Il est tentant d’y voir une explication à l’attitude ambivalente d’Orbán envers l’Union : critique ouverte, mais n’appelant jamais à en sortir. Mais dans le cycle suivant, 2020–2027, ces fonds seront grandement réduits. C’est à cette lumière que les observateurs du système politique hongrois attendent et décodent les évolutions de l’attitude d’Orban envers l’Union. Le vote de l’article 7 sera-t-il l’occasion parfaite donnée aux gouvernements illibéraux pour commencer à évoquer l’idée d’une sortie de l’UE pour la Hongrie, voire plus largement pour Groupe de Visegrad, un « Visexit » ?

L’enjeu : l’identité ou le projet ?

S’agit-il d’un débat fondamental sur les « valeurs » de l’Union, comme le soutiennent les deux camps en présence ? Sans doute divergent-ils sur la teneur et l’étendue des principes juridiques de l’Union. C’est pour cela qu’ils ont des appréciations opposées sur leur situation en Hongrie.

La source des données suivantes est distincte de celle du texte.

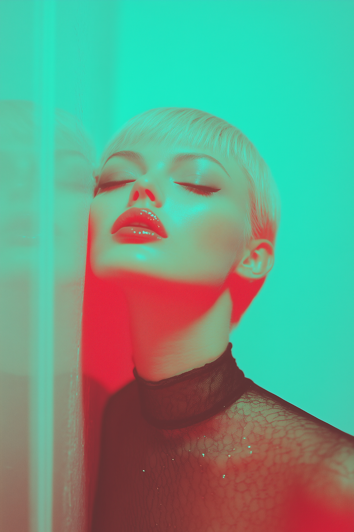 Stylized close-up of a person with platinum blonde hair, vibrant red and teal lighting, glossy red lips, and a black lace top.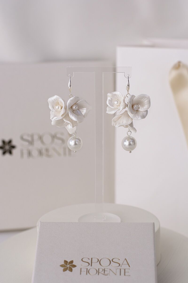 Az Iris porcelán virágos menyasszonyi fülbevaló hossza 6 cm.
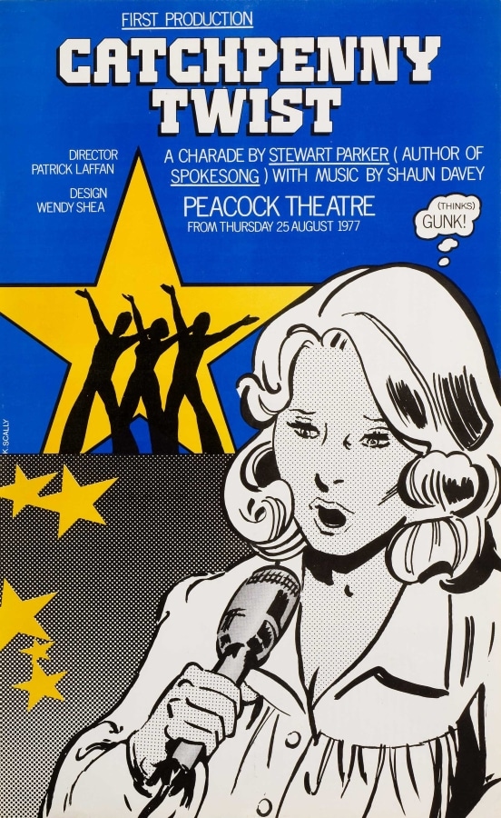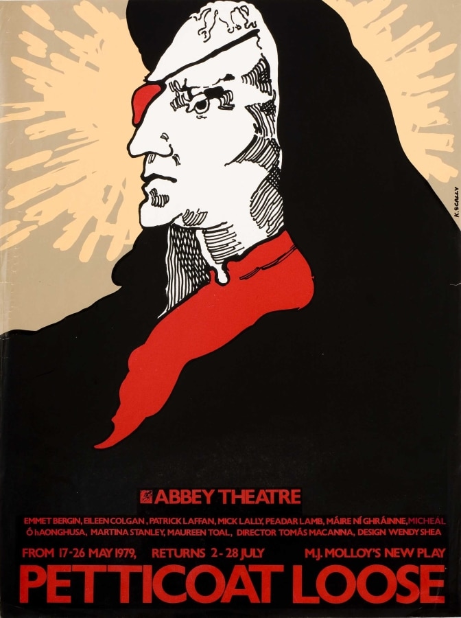 Scally (b. 1952) studied art at the Crawford School of Art, Cork, and graphic design at the (then) National College of Art, Dublin. His interest in theatre graphics developed through performing with the Cork Shakespeare Company. He was the graphic designer for the Abbey from 1972 until 1979. He then moved to London as graphic designer for the English National Opera. This was followed by work for the National Theatre, the Royal Opera and the Royal Shakespeare Company. On returning to Ireland in 1990, he designed posters for the Gate Theatre and various theatre companies, including Pigsback. His observation of the effects of copyright law on creative work led him to a PhD in intellectual property and a lecturing position at University College, Cork from 2006 until 2017.

Mais, ce qui est en jeu est tout autant un débat sur l’avenir de l’Europe. Viktor Orbán n’a pas le monopole de la préservation des valeurs européennes. Les autres courants politiques sont tout autant dans la lignée des valeurs de notre continent. La libre-pensée, l’asile pour les persécutés, la pluralité confessionnelle, la coexistence pacifique des cultures, toutes ces valeurs entrent dans l’ADN de l’Europe au moins autant que les racines chrétiennes évidentes du continent.

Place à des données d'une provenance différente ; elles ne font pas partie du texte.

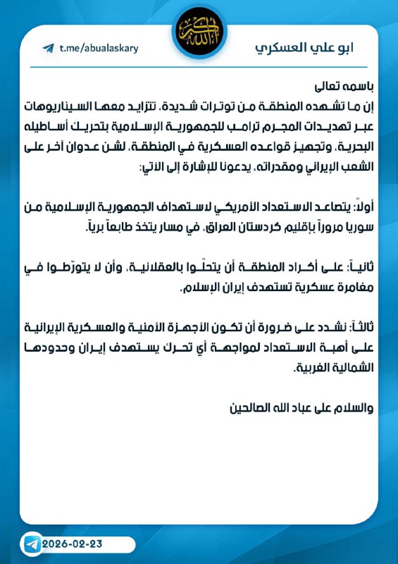 وجاء في بيان للعسكري، "يتصاعد الاستعداد الأمريكي لاستهداف الجمهورية الإسلامية من سوريا مروراً بإقليم كردستان العراق ، في مسار يتخذ طابعاً برياً".
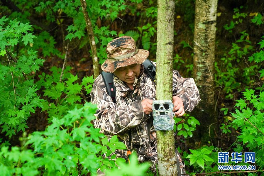 董紅雨在迎春林業(yè)局有限公司施業(yè)區(qū)內(nèi)查看架設(shè)在樹(shù)上用于拍攝野生東北虎蹤跡的遠(yuǎn)紅外相機(jī)(7月8日攝)。新華社記者王松攝

Les forces politiques européistes sauront-elles formuler les débats de l’opinion publique européenne naissante dans leurs propres termes ou resteront-elles dans le cadre du débat défini par le camp d’Orban ? Il leur faudra faire cet effort pour que leur campagne soit audible et suscite l’adhésion.

Aujourd’hui, dans le cas hongrois, c’est le destin de l’Europe qui se joue : soit une mise en commun plus large des souverainetés nationales ; soit un retour à celle-ci. Les élections de mai prochain arbitreront entre la victoire parlementaire des européistes et la victoire symbolique d’Orbán.